FIG. 1 shows a schematic illustration of a brake test rig for two-wheelers, in accordance with an embodiment of the present disclosure;
FIGs. 2-4 show different views of the brake test rig of FIG. 1, in accordance with various embodiments of the present disclosure; and
FIG. 5 illustrate steps of a method for testing braking performance of a two-wheeler using a brake test rig, in accordance with an embodiment of the present disclosure.

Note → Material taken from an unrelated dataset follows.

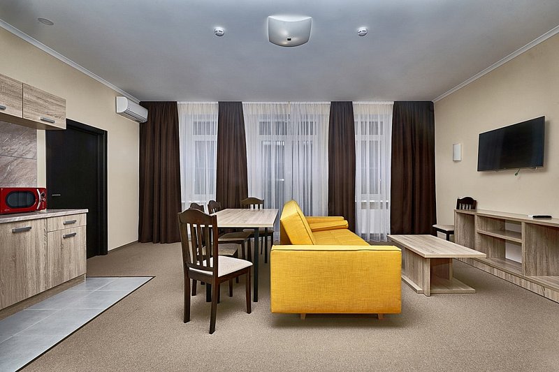 Двухкомнатный номер – спальня и гостиная с двумя санузлами, один из которых оборудован ванной. В гостиной мини-кухня, обеденная зона, мягкая зона отдыха с раскладывающимся двуспальным диваном. Номер оборудован кондиционером, цифровым ТВ. 2 основных места, 2 дополнительных на раскладном диване. Wi-Fi в номерах .
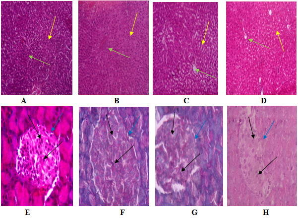 Fig. 1(A-H): Histopathological findings of liver and pancreas in diabetic rats, A: Rat Liver section of methanol extract of B. lacera (MEBL) 200 mg/kg treated diabetic rat, B: Rat Liver section of methanol extract of B. lacera (MEBL) 400 mg/kg treated diabetic rat, C: Rat Liver section of aqueous extract of B. lacera (AEBL) 200 mg/kg treated with diabetic rat, D: Rat Liver section of aqueous extract of B. lacera (AEBL) 400 mg/kg treated diabetic rat, E: Rat Pancreas section of methanol extract of B. lacera (MEBL) 200 mg/kg treated diabetic rat, F: Rat Pancreas section of methanol extract of B. lacera (MEBL) 400 mg/kg treated diabetic rat, G: Rat Pancreas section of aqueous extract of B. lacera (AEBL) 200 mg/kg treated diabetic rat, H: Rat Pancreas section of aqueous extract of B. lacera (AEBL) 400 mg/kg treated diabetic rat; All were stained with Eosin andGomori, Rat Liver sections are of 40X and Rat Pancreas sections are of 100X magnification power

In the accompanying drawings, an underlined number is employed to represent an item over which the underlined number is positioned or an item to which the underlined number is adjacent. A non-underlined number relates to an item identified by a line linking the non-underlined number to the item. When a number is non-underlined and accompanied by an associated arrow, the non-underlined number is used to identify a general item at which the arrow is pointing.
DETAILED DESCRIPTION
The following detailed description illustrates embodiments of the present disclosure and ways in which they can be implemented. Although some modes of carrying out the present disclosure have been disclosed, those skilled in the art would recognise that other embodiments for carrying out or practising the present disclosure are also possible.
The description set forth below in connection with the appended drawings is intended as a description of certain embodiments of a motor of an electric vehicle and is not intended to represent the only forms that may be developed or utilised. The description sets forth the various structures and/or functions in connection with the illustrated embodiments; however, it is to be understood that the disclosed embodiments are merely exemplary of the disclosure that may be embodied in various and alternative forms. The figures are not necessarily to scale; some features may be exaggerated or minimised to show details of particular components. Therefore, specific structural and functional details disclosed herein are not to be interpreted as limiting, but merely as a representative basis for teaching one skilled in the art to variously employ the present invention.
While the disclosure is susceptible to various modifications and alternative forms, specific embodiment thereof has been shown by way of example in the drawings and will be described in detail below. It should be understood, however, that it is not intended to limit the disclosure to the particular forms disclosed, but on the contrary, the disclosure is to cover all modifications, equivalents, and alternatives falling within the scope of the disclosure.
The terms “comprise”, “comprises”, “comprising”, “include(s)”, or any other variations thereof, are intended to cover a non-exclusive inclusion, such that a setup, system that includes a list of components or steps does not comprise only those components or steps but may include other components or steps not expressly listed or inherent to such setup or system. In other words, one or more elements in a system or apparatus preceded by “comprises... a” does not, without more constraints, preclude the existence of other elements or additional elements in the system or apparatus.
In the following detailed description of the embodiments of the disclosure, reference is made to the accompanying drawings, and which are shown by way of illustration specific embodiments in which the disclosure may be practiced. These embodiments are described in sufficient detail to enable those skilled in the art to practice the disclosure, and it is to be understood that other embodiments may be utilized and that changes may be made without departing from the scope of the present disclosure. The following description is, therefore, not to be taken in a limiting sense.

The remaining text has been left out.